December 18th, 2012
02:37 PM GMT
London (CNN) - India's central bank says its policy focus will now be growth, after months and month of battling stubbornly high inflation.
"In view of inflation pressures ebbing, monetary policy has to increasingly shift focus and respond to the threats to growth from this point onwards," the Reserve Bank of India wrote after choosing to leave its key interest rate on hold at 8% Tuesday.
The announcement comes just one day after the country's finance ministry downgraded its growth forecast for the full year 2012-2013, to between 5.7% and 5.9% from 7.6%. While that might sound like an impressive growth rate for many of the world's developed countries, for India, it will be the slowest in almost a decade.
India's government has said that attracting more foreign direct investment would help to spur the country's growth, but it's had trouble bringing that about.
With rising incomes, a young population and more than 1.2 people, India's market looks promising from the outside but the country's full of roadblocks for foreign companies.
CNN spoke to Surjit Bhalla, the chairman of Oxus Investments, about what he sees as the biggest obstacles facing foreign investors. This what he told us.
Firstly, uncertainty around policy.
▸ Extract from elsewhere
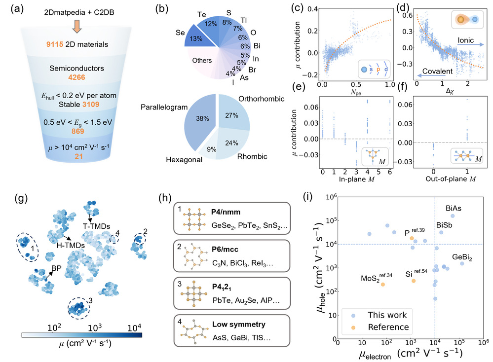 该工作开发了一套结合对抗式训练以及专家知识的混合迁移学习框架,其中对抗训练捕捉了块体和二维材料的共性特征,而专家知识的引入进一步提升了预测的准确性和泛化能力。该框架利用块体材料的有效质量数据,成功实现了对二维材料载流子迁移率的准确预测。预测流程仅需要材料晶体结构作为输入,相较于第一性原理计算,预测准确性达到90%,速度提升5个数量级。在此基础上,该工作成功筛选出21种载流子迁移率远超硅、且带隙与硅近似的二维材料,为高集成度高性能的半导体器件提供了候选材料。该工作实现不同材料不同性质间的跨域迁移,混合迁移学习框架是处理小数据集问题的通用策略,扩充了数据驱动材料设计方法的适用范围。

Bhalla says the actions of India's policy makers are impossible to predict. "Our policy makers do not react according to any known policy reaction function, any known logic if you will," he says. A recent cabinet decision to allow foreign multibrand retailers like Walmart and Tesco to enter India and sell directly to the Indian consumer was held up in parliament for months. Legislators finally cleared it just over a week ago.
He then pointed to regulatory hurdles. Any foreign investor, whether institution or private, needs a license to invest in India and they can be very hard to obtain, Bhalla said. According to Bhalla, while the government may say they welcome foreign investment, they don't make it easy. "No other country has as stringent portfolio investment laws as we have in India licensing laws," he told CNN.
Finally, a lack of good infrastructure. India's infamous for its crumbling roads, inconsistent power and water supply problems. A blackout earlier this year left nearly half the country in the dark.
There are hopes for an economic pick-up in 2013 with the government planning structural reforms and key infrastructure projects, but nothing in India is fast or, as Bhalla says, predictable.